Канадский жилет утеплен шерстяной поддевкой, и его готов оценить объявившийся ротный Кострицын.

– Тулубьев, если Вы думаете, что я развлекался на рапирной площадке или гимнастику делал на плацу, так могу разочаровать. Я застрял на пути в уборную. Испытал специальное советское развлечение – очереди.

– Сколько сегодня? – интересовался Тулубьев.

– Два часа отстоял. Как вам нравится?

– Мне не нравится вовсе, потому предпочитаю ночное время. Тогда на очередь уходит четверть часу, а то и без очереди, гальюны ночью свободны.

– Высшая степень физиологизма подчиниться режиму. Но мой собственный обмен веществ не поддается дрессировке. До ночи не дотерпеть. И, доложу я Вам, Тулубьев, такого подтверждения живучести, как в сортирных очередях, нигде лучше не представить.

– Должно быть, простояв два часа в очереди, и в радиорубку можно не ходить, – подначивал Тулубьев.

– Совершенно определенно. Наслушался новостей. А в радиорубке сегодня прошел обзор иностранной прессы. Ничего существенного. Советы не рухнули. А из гарнизонных новостей масса приятного. Говорят, турки сардин дадут, какао, шоколаду, фасоли сушеной. Им серебряный рубль покажи, так они тебе хоть голубой квандонг достанут. Французы, говорят, станут выдавать по два одеяла в руки, не упустить бы раздачу. Офицерам станут платить жалованье. Цифры называются разные, но в пределах от двухсот франков до тысячи.

– А выдают крохи… по десять лир…

– И верно, на последние пять лир купил запасные подштанники и зефиру, поддался на сладости словно кадетик. Зато знаю, где можно выпить кофе. Тулубьев, не хотите ли прекрасного турецкого кофе?!

– Не возражал бы с коньяком, – откликнулся Родион.

Услышав про коньяк, обратились вслух два соседа-вольноопределяющиеся. Кострицын взялся доказывать им, что вскладчину бутылка французского коньяку выйдет выгоднее. Уговорив сложиться с будущей замаячившей получки, вернулся в «купе» к Тулубьеву.

– Эх, Родион, до весны бы дожить!

– А что весною, Алеша?

– Я смотрю, ты нынче излишне мрачен. Чем наше сегодняшнее ничто отличается от вчерашнего? А я знаю, как поднять тебе настроение. Пока у нас нет средств на французские коньяки, порадую местным десертным вином. Оно недурственно. Запах и цвет… и всего-то за литр две драхмы.

– Так что же весною?

– А весною возможен поход.
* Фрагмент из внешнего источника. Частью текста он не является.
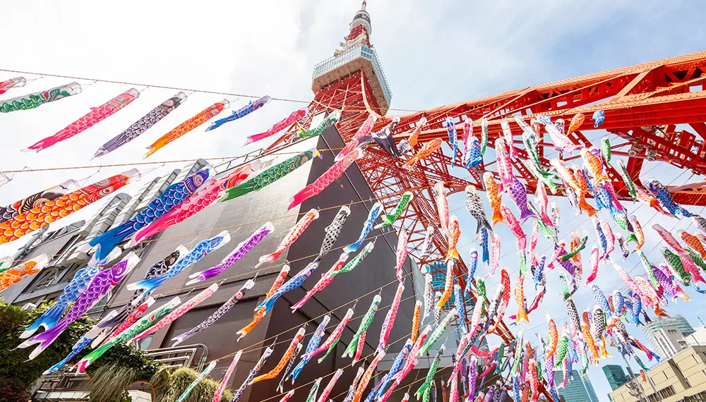 5月5日是日本的「兒童節」。人們習慣在這天掛起鯉魚旗,以祈求孩子健康成長。在高達333公尺的東京鐵塔上,會掛起333幅鯉魚旗;東京晴空塔更會有1,000幅以上的鯉魚旗迎風飄揚。
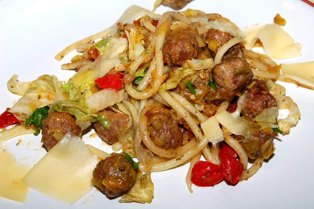 Аппетитные, сытные макароны с фрикадельками готовы. Можно подавать на стол.

Погоним ленинцев, эх… А ты что же грустен?

– У меня сегодня банно-прачечный день. Стирал под мостом на дощечке, все руки стер, а пятна на исподнем остались. И мыло где-то нужно раздобыть, обмылки изошли.

– Кошениль! Во что нам поможет, друг. А ты, говоришь, зачем весну ждать. Да весна нам, Родион, голубчик, до зарезу нужна, как говорит вестовой комдива, до зарезу.

В палатках быстро темнело, ранние южные ночи погружали весь лагерь в темноту. Перекличка проходила с пяти до шести вечера. А к семи-восьми оставались гореть лишь редкие костры в расположении и стеклянный стакан маяка на бугре. В землянках, бараках и палатках, экономя свечи для праздников и церковных служб, приспособились жечь дымницы. В снарядную гильзу заливали керосин, опускали внутрь кусок поясного ремня и обжимали «горлышко» гильзы. Край ремня поджигали, как фитиль, и оставалось лишь иногда подтягивать его кончик наружу, чтоб вовсе не сгорел и не провалился. Дымницы знатно коптили. Зато вечера проходили со светом. Догорать коптилку оставляли и в ночь. А проснувшись утром, обнаруживали друг друга с черными носами от сажи.

Спички и курево тоже числились в недостатке, один коробок и одна пачка выдавались на месяц. И теперь банальное курение приобрело роль ритуала: курящие рассаживались в кружок у костра или на завалинке у барака, поджигая одной спичкой одну самокрутку или трофейную папиросу, передавали курево в руки соседу, каждый делал затяжку и пускал дальше по кругу, как братину.

За прокладкой узкоколейной дороги, шириною всего в полтора аршина, зато длиною почти в десять верст, следило все население Галлиполи и лагеря. Большинство не верило в успех. И тем не менее за три месяца выстроили весь путь с пятью станциями на нем и весною готовили запуск. Союзники помогли вагонетками и дрезинами. В марте на открытие узкой железной дороги, названной строителями в честь ее изобретателя – инженера Дековиля ласково, по-русски, дековилькой, собралось полгорода и почти весь лагерь. Этот прямой путь, облегчающий снабжение, транспортировку и передвижение негласно нарекли «Улицей генерала Врангеля».

В мартовской ночи над голыми холмами зависала одеревенелая луна и с изумлением взирала, как менялся рисунок на желтом саване. Натюрморт пополнился домиками, крестами, пирамидой памятника, караульными площадками и полотном железнодорожной ветки. Прошлый год давно сошел на нет, перетек в другой, новый, первый мирный год из нескольких военных лет. Почва голого поля подсыхала и очищалась от грязи.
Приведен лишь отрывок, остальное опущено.